Reifenbreite. Warum breiter rollt.

30 mm rollt fast immer schneller als 25 mm. Bei gleichem Druck weniger Rollwiderstand, mehr Komfort, mehr Grip. Der einzige Grund für 25 mm war Aerodynamik — und Aero-Felgen sind heute breit genug, dass auch das nicht mehr gilt.

4 Min Lesezeit · Stand 04 / 2026 · 5 Quellen

Was die Daten sagen

Bei einem 70-kg-Fahrer auf glattem Asphalt rollt ein 30-mm-Reifen bei 4,2 bar ungefähr genauso schnell wie ein 25-mm-Reifen bei 6,5 bar — bei deutlich besserem Komfort und Grip.
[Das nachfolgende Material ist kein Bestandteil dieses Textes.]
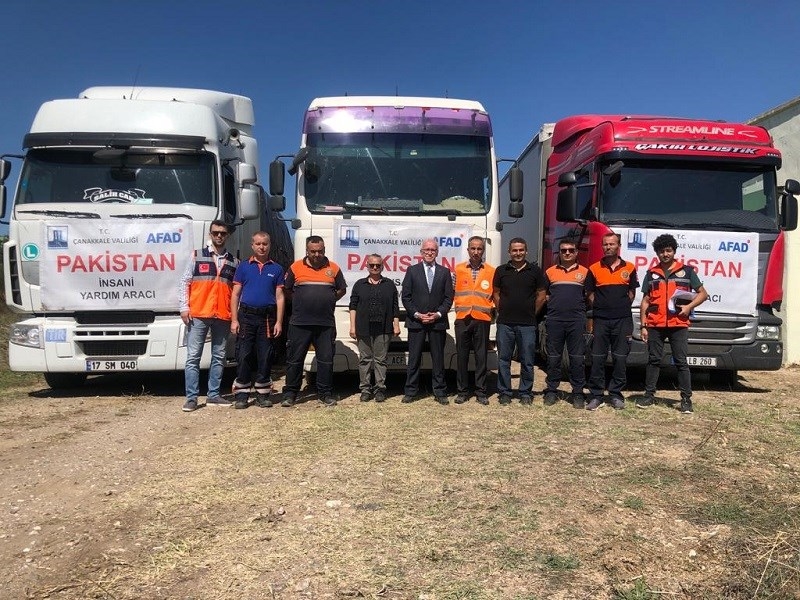 Sel felaketinde zarar gören Pakistan'daki afetzedelere ulaştırılmak üzere Çanakkale Valiliği öncülüğünde AFAD İl Müdürlüğü koordinasyonunda hazırlanan gıda ve temizlik malzemesi taşıyan 3 yardım tırı Pakistan’a uğurlandı. Pakistan’da meydana gelen sel felaketinden etkilenen afetzedelere yardım eli uzatmak amacıyla Cumhurbaşkanı Sayın Recep Tayyip Erdoğan’ın talimatları doğrultusunda İçişleri Bakanlığı Afet ve Acil Durum Yönetimi Başkanlığı öncülüğünde ülke genelinde eş zamanlı olarak başlatılan ve Çanakkale Valiliği koordinesinde yürütülen yardım Kampanyasında toplanan yardımlar, Pakistan’a gönderilmek üzere AFAD İl Müdürlüğü Lojistik deposu önünden Kocaeli’ne yola çıktı. Pakistan’a yardım kampanyasının sürdüğünü belirten Vali İlhami Aktaş, gıda kolilerinin hazırlanmasında katkısı olan kamu kurum ve kuruluşları ile sivil toplum kuruluşlarına teşekkür etti.

Die Annahme, schmaler sei aerodynamischer, hielt bis ungefähr 2018. Seitdem haben Felgenhersteller (Zipp, ENVE, DT Swiss) ihre Aerodynamik auf 28–32 mm Reifen optimiert. Eine 25-mm-Reife auf einer 23-mm-Innenweite-Felge ist heute aerodynamisch schlechter als eine 30-mm-Reife auf einer 25-mm-Innenweite-Felge.

Wann 30 mm nicht passt

Eingeschränkt sind nur drei Fälle: alte Rennräder mit Felgenbremsen (Rahmen-Clearance fehlt), reine Bahn- oder Track-Setups, und Hookless-Felgen mit eng definierten Tire-Width-Bereichen. Sonst: 30 mm oder breiter.

Was du als nächstes tust

Bei nächstem Reifenwechsel auf 30 oder 32 mm gehen, falls dein Rahmen 35 mm Clearance hat. Den Druck nach gemessener Breite einstellen, nicht nach nominaler. Die Rolllisten-Differenz fühlst du nach drei Kilometern.